Помощник. Якоб фон Гунтен. Миниатюры | страница 11
Юношеское целомудрие ощутимо в самом тоне рассказчика, прорывается в его голосе — неустойчивом, взволнованном, ломком. Мало у кого самый ритм повествования обнаруживает такие перепады, усечения, синкопы. За упруго-мускулистой и бравурной фразой может последовать фраза нервно-неуверенная или расслабленно-дряблая. За афоризмом — банальность. А полновластная хозяйка в этом внешнем хаосе разностильности — опять-таки молодая, юношеская ирония.
Но тем самым проза Вальзера как нельзя лучше вписывается в основную тональность искусства начала века. Ведь начало века совпало с юношеской экзальтацией культуры в годы напряженного предгрозового кануна первой мировой войны. «Пробуждение весны» — название этой пьесы Ведекинда стало духовным символом той эпохи.

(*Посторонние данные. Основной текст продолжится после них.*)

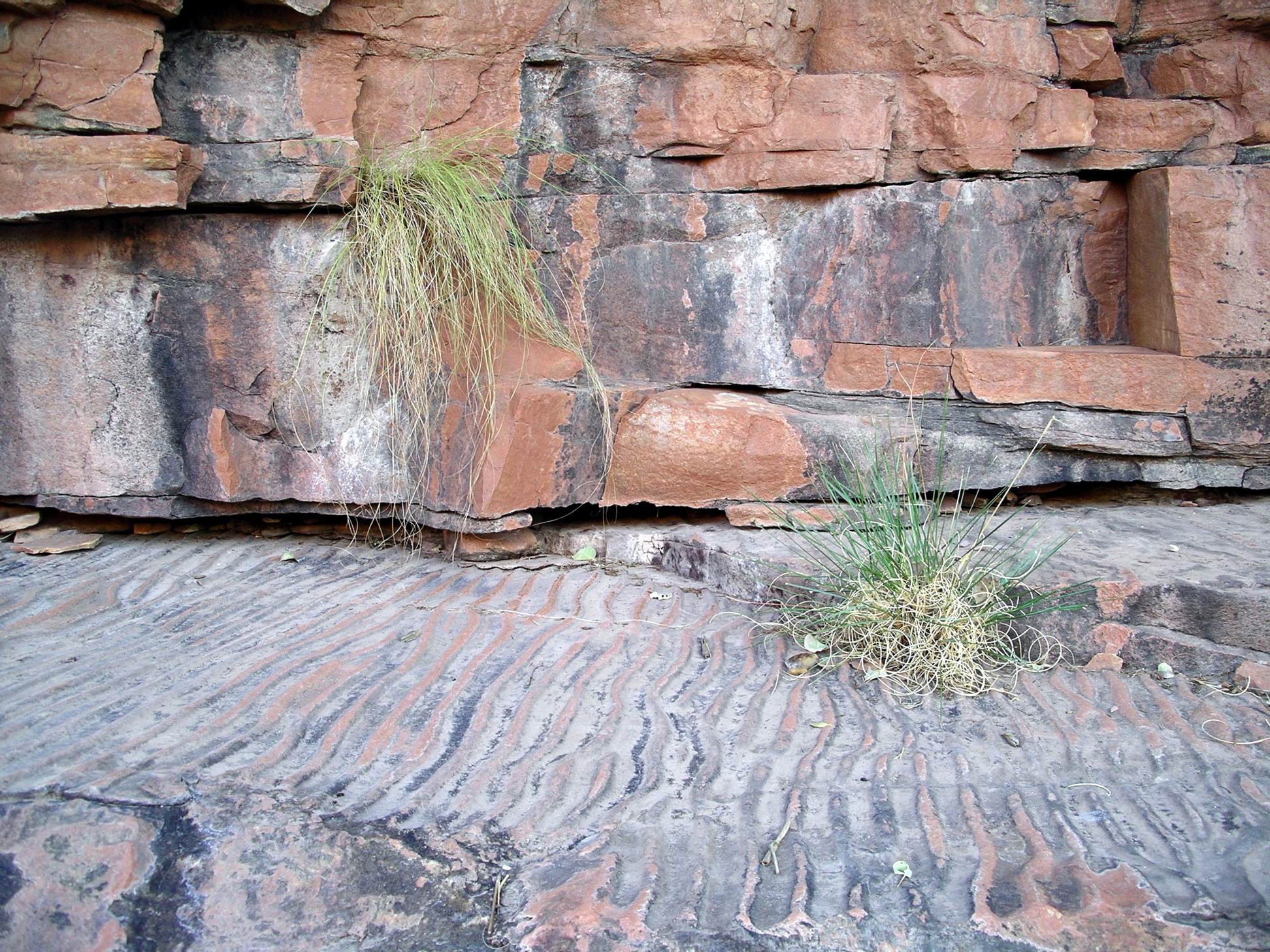 On Monday, M and I walked to the shops, in the morning, and to the Post Office. Then we explored some streets, walking on our way to meet John at a yard that also had slabs of the local rock. I think we inadvertently took a really circuitous route!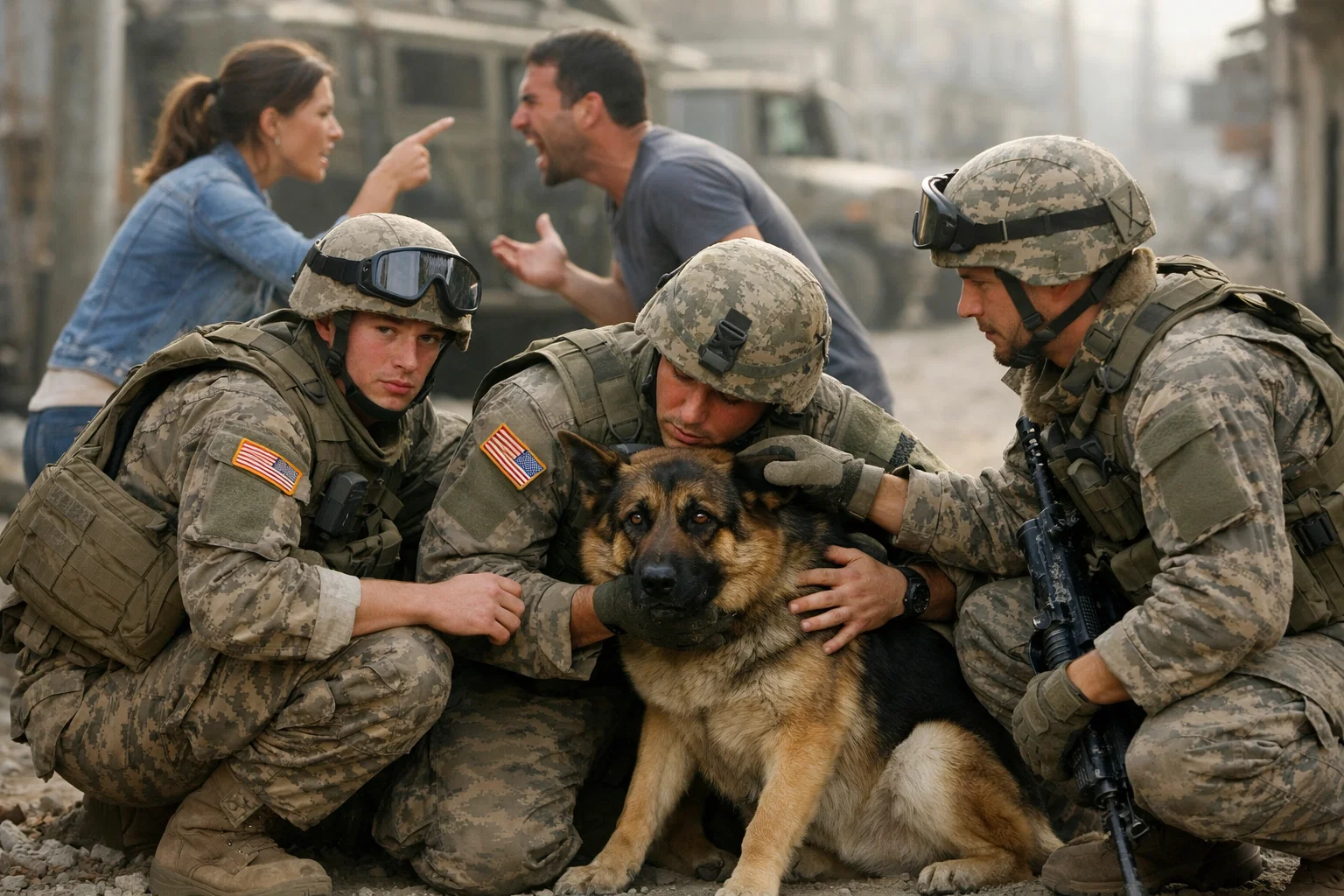 The argument escalated briefly, but Ethan’s uniform and steady presence seemed to defuse it. The couple eventually stormed off in opposite directions, leaving the dog with him. Ethan checked for tags—none. It was probably a stray they’d taken in and then fought over. He couldn’t just leave it there. He carried the pup to a shady spot, gave it water from his canteen, and talked softly until it stopped shaking. By the time he realized how late he was, drills had started twenty minutes ago.

Смутные чаяния, порывы, метания и терзания юных душ, смущенных и возмущенных бездушием поджидавшей их жизни, воплощали Тонио Крёгер Томаса Манна, Петер Каменцинд Гессе, Тёрлесс Музиля, Эвальд Траги Рильке, которым вторили их французские, английские, русские ровесники — герои Пруста, Джойса, Бунина, Сологуба.

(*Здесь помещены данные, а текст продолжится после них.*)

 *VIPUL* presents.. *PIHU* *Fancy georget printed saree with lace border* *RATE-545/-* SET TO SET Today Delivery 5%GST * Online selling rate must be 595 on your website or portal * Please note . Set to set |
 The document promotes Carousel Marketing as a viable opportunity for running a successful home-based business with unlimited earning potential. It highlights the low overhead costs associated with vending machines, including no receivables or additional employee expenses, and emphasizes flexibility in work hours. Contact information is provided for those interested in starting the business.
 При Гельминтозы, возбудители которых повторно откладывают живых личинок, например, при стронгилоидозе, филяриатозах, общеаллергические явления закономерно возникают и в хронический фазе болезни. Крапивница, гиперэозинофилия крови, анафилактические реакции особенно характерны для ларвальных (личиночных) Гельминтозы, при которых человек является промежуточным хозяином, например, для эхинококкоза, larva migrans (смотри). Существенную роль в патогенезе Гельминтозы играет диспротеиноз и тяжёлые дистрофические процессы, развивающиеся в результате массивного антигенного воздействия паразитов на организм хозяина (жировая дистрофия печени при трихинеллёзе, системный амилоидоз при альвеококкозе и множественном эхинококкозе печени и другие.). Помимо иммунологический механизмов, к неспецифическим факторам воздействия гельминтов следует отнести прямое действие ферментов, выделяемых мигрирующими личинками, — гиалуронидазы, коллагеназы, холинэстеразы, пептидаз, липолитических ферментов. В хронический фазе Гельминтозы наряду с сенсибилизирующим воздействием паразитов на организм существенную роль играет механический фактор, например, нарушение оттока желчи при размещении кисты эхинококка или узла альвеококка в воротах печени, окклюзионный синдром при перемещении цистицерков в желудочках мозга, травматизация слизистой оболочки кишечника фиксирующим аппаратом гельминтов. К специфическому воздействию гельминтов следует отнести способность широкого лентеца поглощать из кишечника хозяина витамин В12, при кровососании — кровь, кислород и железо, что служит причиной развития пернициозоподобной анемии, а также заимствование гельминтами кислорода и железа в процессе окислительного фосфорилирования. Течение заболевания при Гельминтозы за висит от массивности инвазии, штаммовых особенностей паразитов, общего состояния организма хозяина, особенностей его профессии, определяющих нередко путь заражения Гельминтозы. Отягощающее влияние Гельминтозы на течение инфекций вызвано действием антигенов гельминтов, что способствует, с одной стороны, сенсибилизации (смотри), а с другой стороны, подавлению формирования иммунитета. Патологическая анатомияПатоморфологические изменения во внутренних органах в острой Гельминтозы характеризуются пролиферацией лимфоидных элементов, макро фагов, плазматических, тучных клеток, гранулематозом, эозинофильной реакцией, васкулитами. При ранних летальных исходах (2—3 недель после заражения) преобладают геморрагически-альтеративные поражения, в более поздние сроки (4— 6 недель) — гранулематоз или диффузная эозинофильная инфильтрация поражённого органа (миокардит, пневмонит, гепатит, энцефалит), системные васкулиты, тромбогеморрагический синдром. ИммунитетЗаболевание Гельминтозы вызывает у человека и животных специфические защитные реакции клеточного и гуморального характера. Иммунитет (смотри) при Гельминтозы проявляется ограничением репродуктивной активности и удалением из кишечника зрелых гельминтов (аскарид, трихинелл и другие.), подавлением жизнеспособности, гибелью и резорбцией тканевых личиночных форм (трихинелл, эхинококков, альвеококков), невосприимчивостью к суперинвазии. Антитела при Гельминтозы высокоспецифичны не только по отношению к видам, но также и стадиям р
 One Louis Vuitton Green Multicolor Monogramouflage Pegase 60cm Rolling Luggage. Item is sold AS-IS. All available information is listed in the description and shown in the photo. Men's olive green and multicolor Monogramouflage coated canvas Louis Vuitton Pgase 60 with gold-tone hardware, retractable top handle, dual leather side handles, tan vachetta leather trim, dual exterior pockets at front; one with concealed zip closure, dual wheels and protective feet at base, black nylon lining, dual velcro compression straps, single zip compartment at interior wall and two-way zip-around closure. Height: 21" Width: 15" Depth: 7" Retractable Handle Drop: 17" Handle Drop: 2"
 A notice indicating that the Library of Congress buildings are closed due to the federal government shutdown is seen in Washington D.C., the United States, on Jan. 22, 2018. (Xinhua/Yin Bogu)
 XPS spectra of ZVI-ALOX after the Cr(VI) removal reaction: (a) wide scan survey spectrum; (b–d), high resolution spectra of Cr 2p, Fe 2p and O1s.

К уловленному романтизмом кризису жизни, испытанному другим поколением европейских юношей около ста лет назад, теперь добавился и кризис культуры, выразившийся, в частности, в несколько судорожных, лихорадочных поисках нового выразительного языка, в самой настойчивой постановке проблемы средств выражения. Искусство было охвачено зудом саморефлексии, оно словно бы обернулось на самое себя, стало ловить свой собственный хвост. Появились писатели, которые стали творить, исходя больше из стихии самого языка, а не из стихии жизни. Роберт Вальзер был слишком укоренен в жизни, чтобы принадлежать к их числу, но эти стилистические поиски, сама атмосфера стилистической взбудораженности не прошла для него бесследно. Обратите внимание, например, на гирлянды эпитетов, на эту, свойственную стилю эпохи («югендштилю») орнаментальную змейку синонимов (чего стоит одно только описание головного убора героя в «Вюрцбурге», когда с расточительностью барокко нанизывается добрая дюжина определений!), на несколько более явную, чем это могло быть в прозе прошлого века, музыкальность, лирическую напевность повествовательного лада, также в это время повсеместно распространившуюся.

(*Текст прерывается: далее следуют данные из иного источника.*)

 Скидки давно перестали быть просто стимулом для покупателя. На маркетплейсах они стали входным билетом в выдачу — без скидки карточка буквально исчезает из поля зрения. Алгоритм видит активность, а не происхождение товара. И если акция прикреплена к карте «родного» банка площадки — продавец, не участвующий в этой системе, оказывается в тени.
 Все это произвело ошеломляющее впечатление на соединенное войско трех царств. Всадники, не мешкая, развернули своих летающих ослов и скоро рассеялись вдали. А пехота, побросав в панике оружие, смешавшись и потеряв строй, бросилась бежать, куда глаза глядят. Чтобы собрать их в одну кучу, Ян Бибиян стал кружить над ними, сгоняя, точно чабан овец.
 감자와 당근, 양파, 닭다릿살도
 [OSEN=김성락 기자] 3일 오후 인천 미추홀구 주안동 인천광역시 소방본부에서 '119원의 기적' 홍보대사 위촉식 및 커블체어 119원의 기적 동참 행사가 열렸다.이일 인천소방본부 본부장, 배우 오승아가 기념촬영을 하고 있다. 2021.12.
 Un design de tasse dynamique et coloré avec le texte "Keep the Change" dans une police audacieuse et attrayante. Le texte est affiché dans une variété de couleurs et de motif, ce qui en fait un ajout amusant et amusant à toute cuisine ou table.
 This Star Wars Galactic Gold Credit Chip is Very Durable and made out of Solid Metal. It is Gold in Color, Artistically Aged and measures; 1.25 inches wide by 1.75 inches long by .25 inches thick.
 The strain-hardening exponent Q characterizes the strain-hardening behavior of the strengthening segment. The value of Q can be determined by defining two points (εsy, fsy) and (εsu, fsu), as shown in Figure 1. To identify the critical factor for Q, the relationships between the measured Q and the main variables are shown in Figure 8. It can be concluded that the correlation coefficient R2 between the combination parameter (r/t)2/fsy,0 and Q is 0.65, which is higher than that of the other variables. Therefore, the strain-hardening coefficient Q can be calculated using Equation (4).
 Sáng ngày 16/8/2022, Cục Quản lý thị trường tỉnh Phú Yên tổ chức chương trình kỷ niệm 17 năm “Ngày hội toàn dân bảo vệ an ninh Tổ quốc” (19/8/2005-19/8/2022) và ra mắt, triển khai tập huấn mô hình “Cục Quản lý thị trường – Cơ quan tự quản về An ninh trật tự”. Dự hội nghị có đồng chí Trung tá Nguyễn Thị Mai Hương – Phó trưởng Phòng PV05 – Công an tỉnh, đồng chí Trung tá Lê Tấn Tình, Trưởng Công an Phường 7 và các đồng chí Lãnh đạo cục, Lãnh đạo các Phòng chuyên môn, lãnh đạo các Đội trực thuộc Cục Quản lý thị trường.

Синхронные, то есть единовременные, сопоставления с отечественной культурой всегда особенно показательны и наглядны. Итак, кто же из русских писателей начала века более всего схож с Робертом Вальзером? Как социально-культурное явление — Есенин, мы уже об этом упоминали. Ну а по описанным свойствам прозы? Может быть, автор «Петербурга» и «Симфоний» (то есть поэм в прозе) Андрей Белый? Отношение к стихии языка совпадает, но Вальзер естественнее и проще, в нем нет ни тени мистической зауми и астральных претензий, к тому же музыкальность его более умеренного, сдержанного порядка, без выстраивания всей вещи под назойливый амфибрахий или анапест. Автор «Мелкого беса» и «Творимой легенды» Федор Сологуб? К обыденной жизни поближе и гротеск у него, как у Вальзера, вырастает из быта, но о каком целомудрии как повествовательной доминанте может идти у него речь? Тут не поэзия, а оргия быта. Алексей Ремизов? Пожалуй!